Ein strafrechtliches Verfahren erlaubt es dem Angeklagten, sich als Opfer zu inszenieren, das ist richtig. Aber dieses Risiko ist in Kauf zu nehmen. Der Rechtsstaat kann deswegen nicht auf Strafverfolgung verzichten. In der öffentlichen Debatte ist zu thematisieren, dass hier ein Angriff auf die Grundfesten unseres Gemeinwesens sanktioniert wurde.

Deutschlands Auseinandersetzung mit seiner NS-Vergangenheit gilt weltweit als vorbildlich. Warum sehen Sie da noch Defizite im Umgang mit Rassismus?

Der Nationalsozialismus hat vor Augen geführt, wohin ein extremer Rassismus führen kann. Das Selbstverständnis der Bundesrepublik gründet auf der Abgrenzung zu diesem Unrechtsregime. Gleichzeitig ist der Blick darauf verengt. Zeitgenössische Formen des Rassismus, die in der ganzen Gesellschaft verbreitet sind, sind deshalb schwieriger zu überwinden.

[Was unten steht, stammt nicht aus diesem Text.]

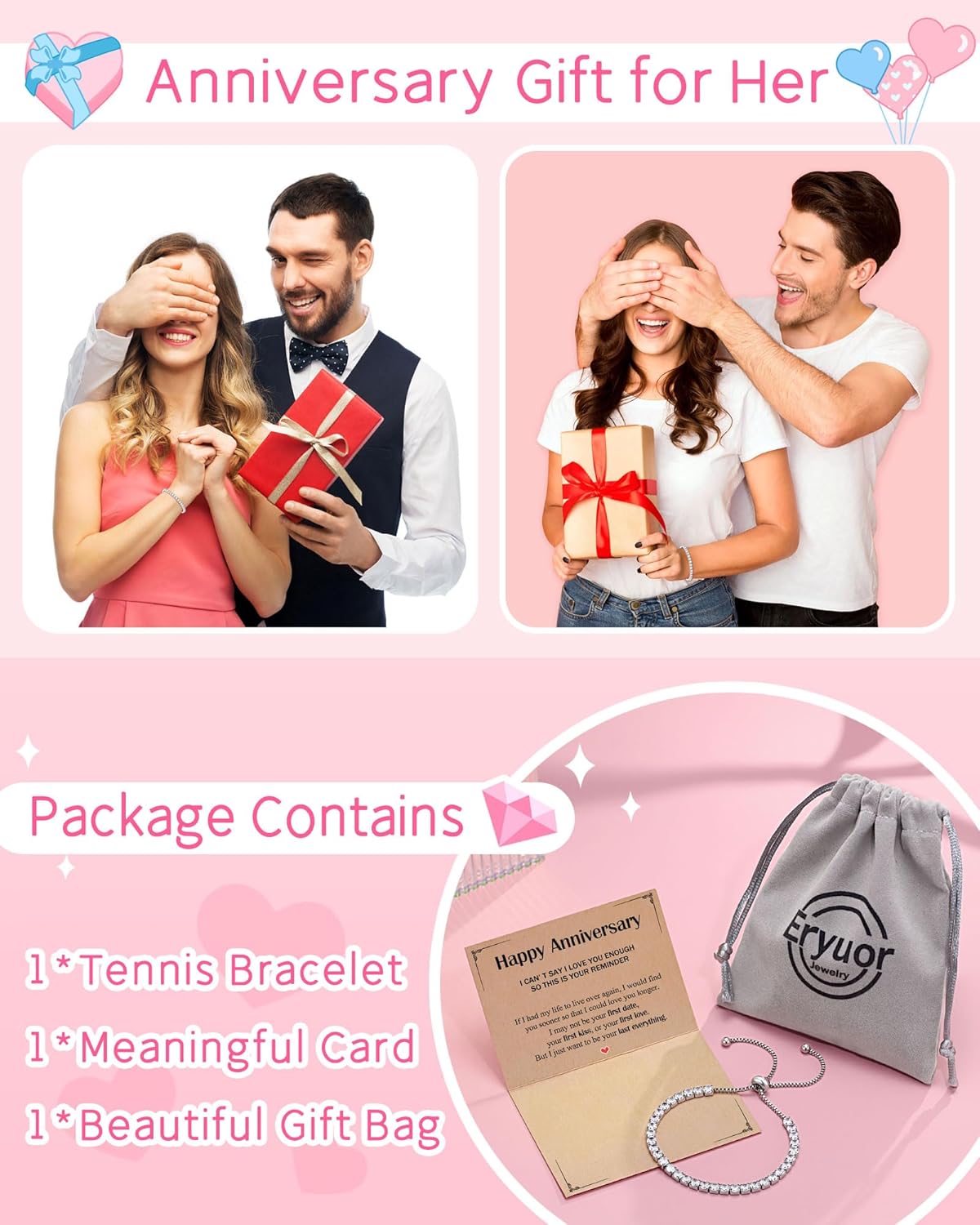 Eryuor Cubic Zirconia Tennis Bracelet for Women Christmas Anniversary Valentines Birthday Gifts for Daughter Wife Girlfriend Her
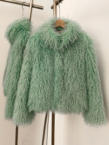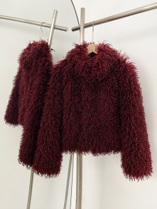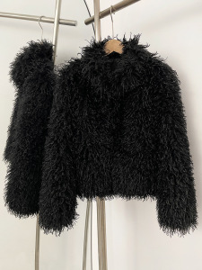 欧美风外贸女装新款2025时尚百搭纯色人造皮草短款外套小个子女装
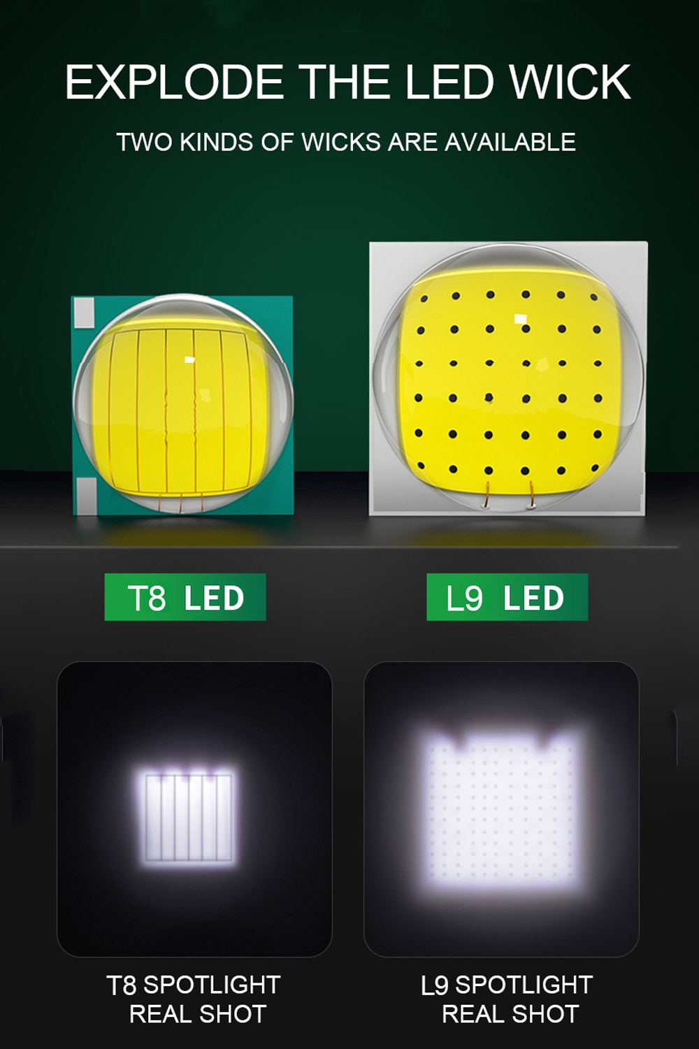 Intelligent T8/L9 wick, brightness upgrade, three levels of brightness can be adjusted freely, the head adopts a real large-diameter light cup, which greatly improves the ability of strong light and long-range, high-quality optical edging glass lens is not easy to scratch, high-energy non-memory lithium-ion battery, power supply Stable and effectively prevent high and low unstable currents.

Hinzu kommt die fehlende Aufarbeitung der eigenen kolonialen Vergangenheit.

Wie bewerten Sie die Debatte um das NPD-Verbot?

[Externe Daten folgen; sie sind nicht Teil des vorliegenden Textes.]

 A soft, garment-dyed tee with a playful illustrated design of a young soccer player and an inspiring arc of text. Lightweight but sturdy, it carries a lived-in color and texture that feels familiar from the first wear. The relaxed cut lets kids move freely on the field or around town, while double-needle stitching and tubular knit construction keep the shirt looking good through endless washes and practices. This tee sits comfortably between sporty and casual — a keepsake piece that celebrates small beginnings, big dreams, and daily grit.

In unserer wehrhaften Demokratie können Parteien, die aktiv unsere freiheitlich-demokratische Grundordnung bekämpfen, verboten werden. Aber der Kampf gegen Rassismus darf nicht darauf verengt werden. Das sieht man an der Aufklärung der NSU-Mordserie: Warum gibt es Ermittlungsroutinen, bei denen automatisch das Opfer einer Tat, wenn es ein Migrant ist, in den Blick der Behörden gerät? Das spiegelt die Vorstellung wider, dass bestimmten Minderheiten bestimmte Straftaten zuzuordnen seien.

Wie bewerten Sie die Aufarbeitung der NSU-Affäre?

Der Fokus in den Untersuchungsausschüssen liegt auf dem Umgang mit V-Leuten und dem Informationsaustausch. Deshalb betreffen die Lösungen, die diskutiert werden, nur diesen Bereich. Die Frage, warum ein rassistisches Motiv der Morde vorschnell ausgeschlossen wurde, ist bislang noch offen. Mein Wunsch wäre, dass sich der neue Bundestag damit beschäftigt - und daraus dann Konsequenzen für die Polizeiarbeit zieht.

Warum ist Rassismus bislang kaum ein Thema beim //:Integrationsgipfel?

Migrantenselbstorganisationen fordern das schon lange - und meiner Meinung nach zu Recht. Ich hoffe, dass das aufgegriffen wird. Denn Fragen der Integration sind nicht losgelöst von Fragen des Rassismus und Diskriminierung zu behandeln.